Trojan Horse Crypt is at it

Hello!

I am very grateful for MajorGeeks and your assistance. I appreciate your help and would like to thank you in advance.

OS: Windows XP Pro 2002 SP3

Problems:

1. AVG scan detected Trojan Horse "Crypt.ANVH" found in netbt.sys and white-listed object on January 21, 2012. AVG cannot remove it. I am not aware of any unusual activity associated to this incident.
2. Cannot connect to internet or enable network connection; only shows IP address: 0.0.0.0, subnet mask: 0.0.0.0 (assigned by DHCP); when trying to repair receive error message that it could not repair because problem of "renewing IP address". This initial problem has now been remedied after the malware cleaning procedure.

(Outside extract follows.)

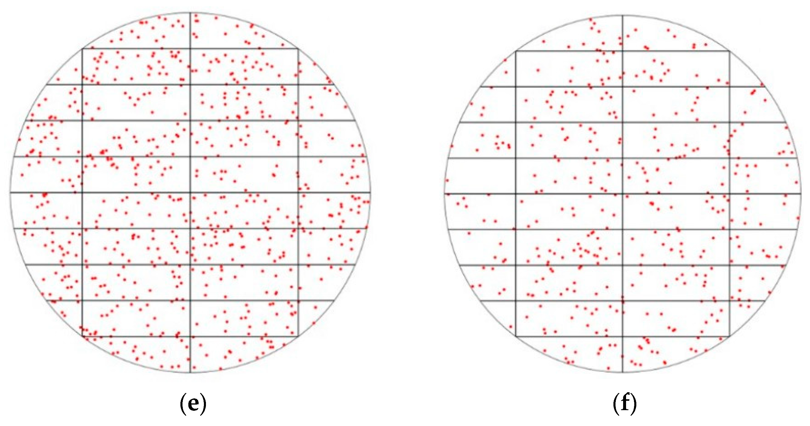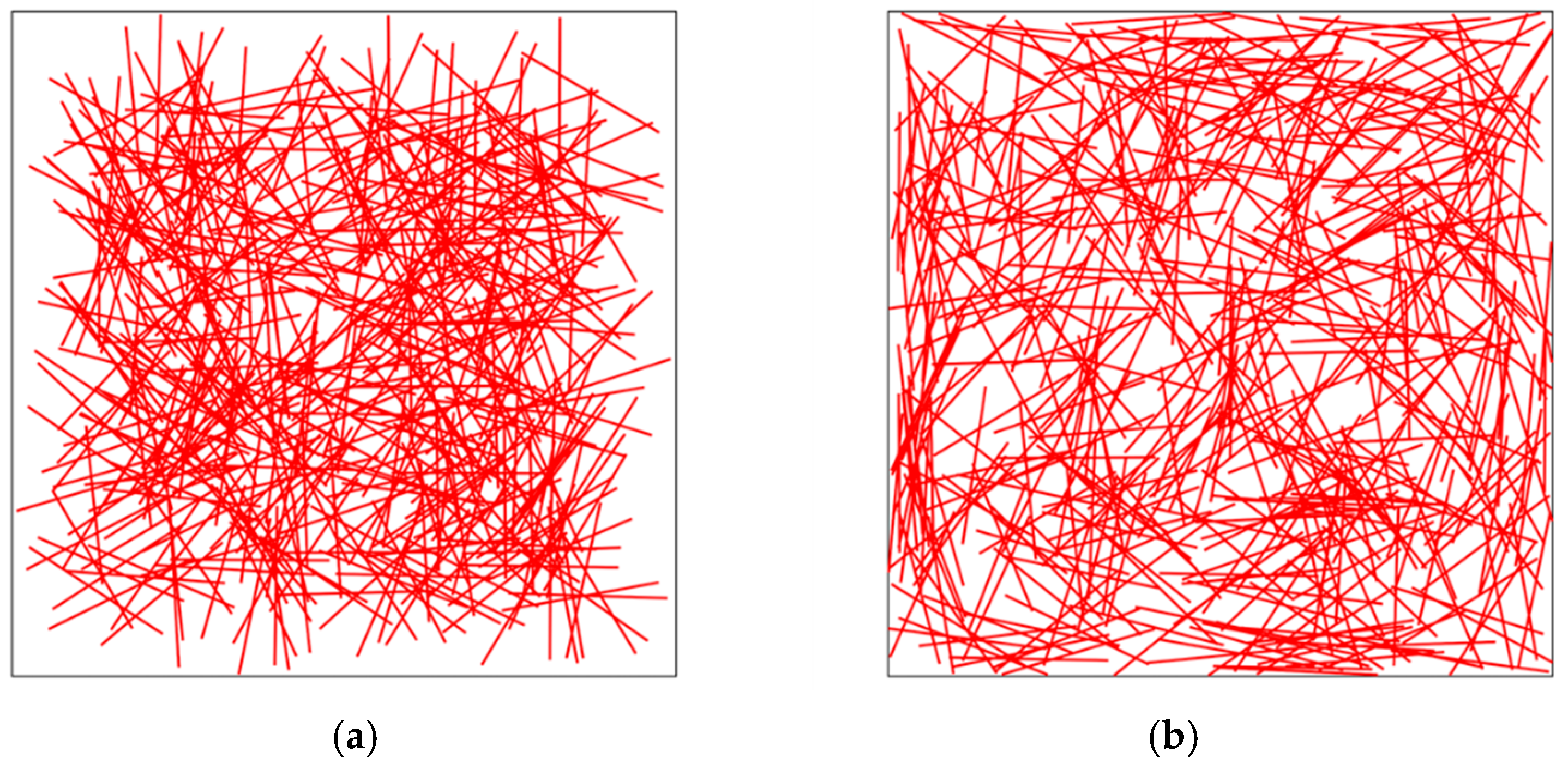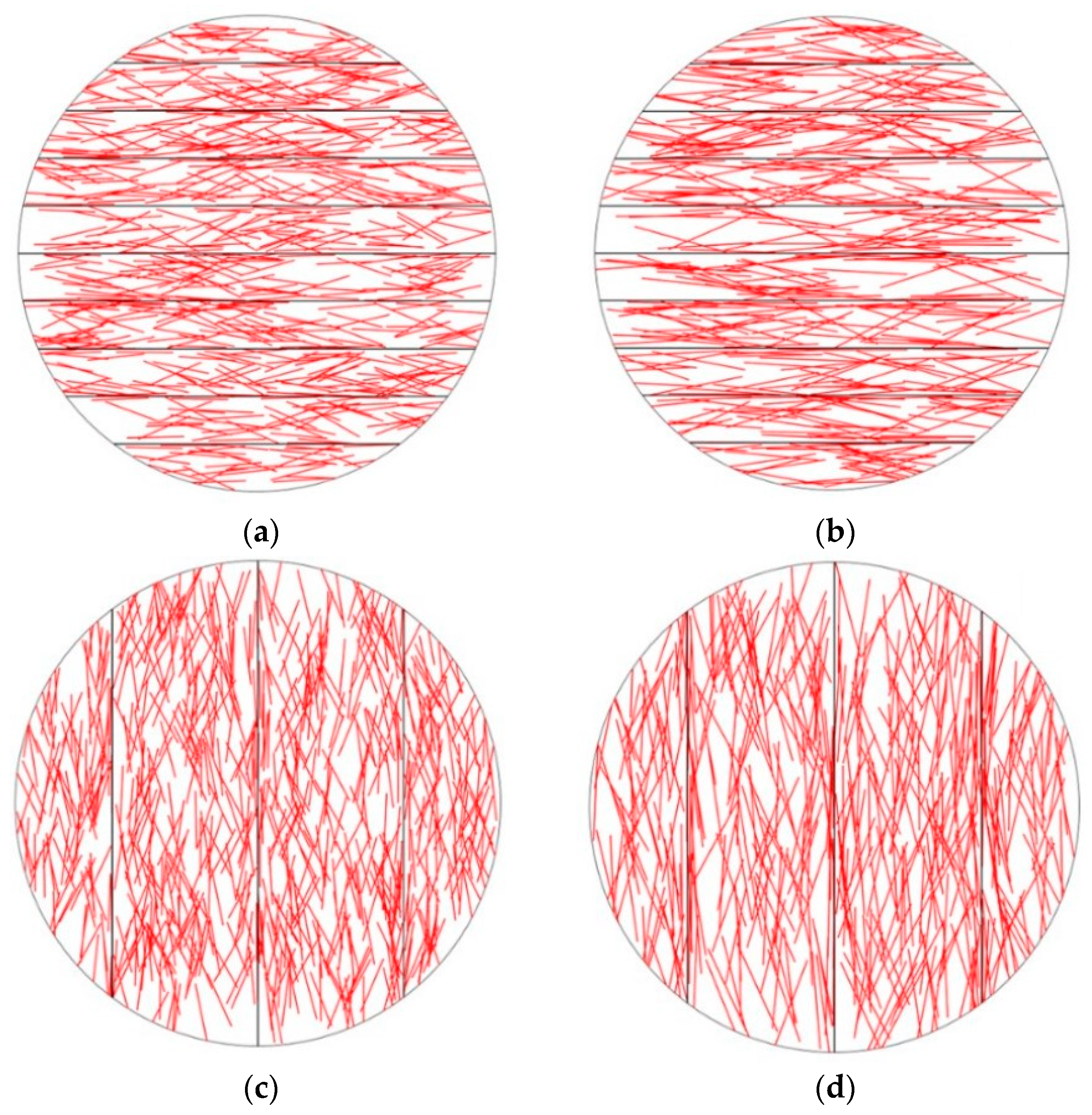 Figure 11a–f present the random distribution of fibers for the disk splitting test in different cases, P-XOZ-6, P-XOZ-10, P-XOY-6, P-XOY-10, P-YOZ-6, and P-YOZ-10, respectively.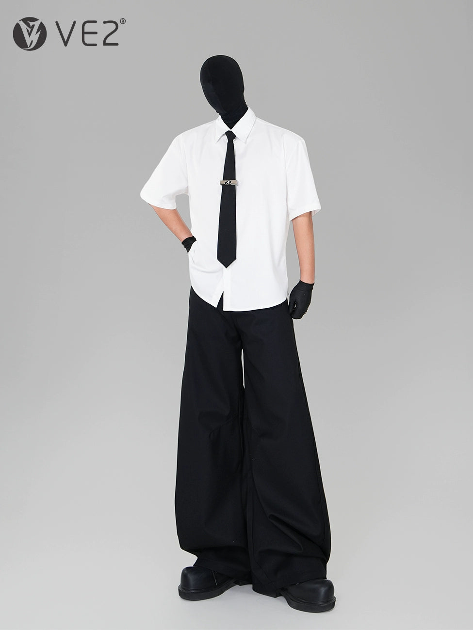 Short Sleeve Shirt & Tie & Curved Blade Wide Leg Trousers Setup WN17364

There are three messages containing all the logs for the explanation of this problem.
I followed all steps with the cable connected to the back of the computer and the modem, though without internet connection.

Step 1

Completed all 5 steps of the "Fixing Google Redirection/hijacking and other redirection problems". Logs of GooredFix, TDSSkiller and MBRCheck are attached.

The "Proxy Server - Changing Settings" did not remedy the failing internet connection.

Step 2

My only antivirus program is AVGfree last updated 1-21-12.
My only firewall is ZoneAlarm Firewall free.
For anti-malware I use Malwarebytes.

Step 3

Updating Java: Removed two older Java versions. Installed newest Java 7.2 (needed to force shut down to reboot). Disabled java update scheduler.

Deleted AVG quarantined items. Could not find ZoneAlarm Firewall quarantine. Emptied recycle bin.

Step 4

I have Windows XP Pro SP3 32-bit.
Enabled viewing of hidden files/folders.
Set MSconfig to normal startup.
Installed HJT (needed to again force shut down to reboot; Windows Defender error message at reboot "Application failed to initiate: 0x80070006. The handle is invalid".

Step 5

Removed the software "Search Toolbar".

Step 6

Installed Defogger. When disabling programs with Defogger, AVG Resident Shield alerted of Trojan Horse Crypt.ANVH "detected on open" in c:\WINDOWS\system32\drivers\netbt.sys.
Now was able to restart computer through start menu as usual.

Step 7

Installed SUPERAntiSpyware (no updates because no internet). Scanned and attached first log.
Later realized that I can install SASdatabase definitions updates directly from superantispywware.com using flashdrive, currently version 5.0.1142 with Database version 8159. Scanned again with the updated version and threats removed. Attached second log as well. (AVG alerted again about "Trojan horse Crypt.ANVH" in c:\WINDOWS\system32\drivers\netbt.sys. Also after reboot could not open SAS because ZoneAlarm was stuck in "IU initializing", next day it was not stuck anymore).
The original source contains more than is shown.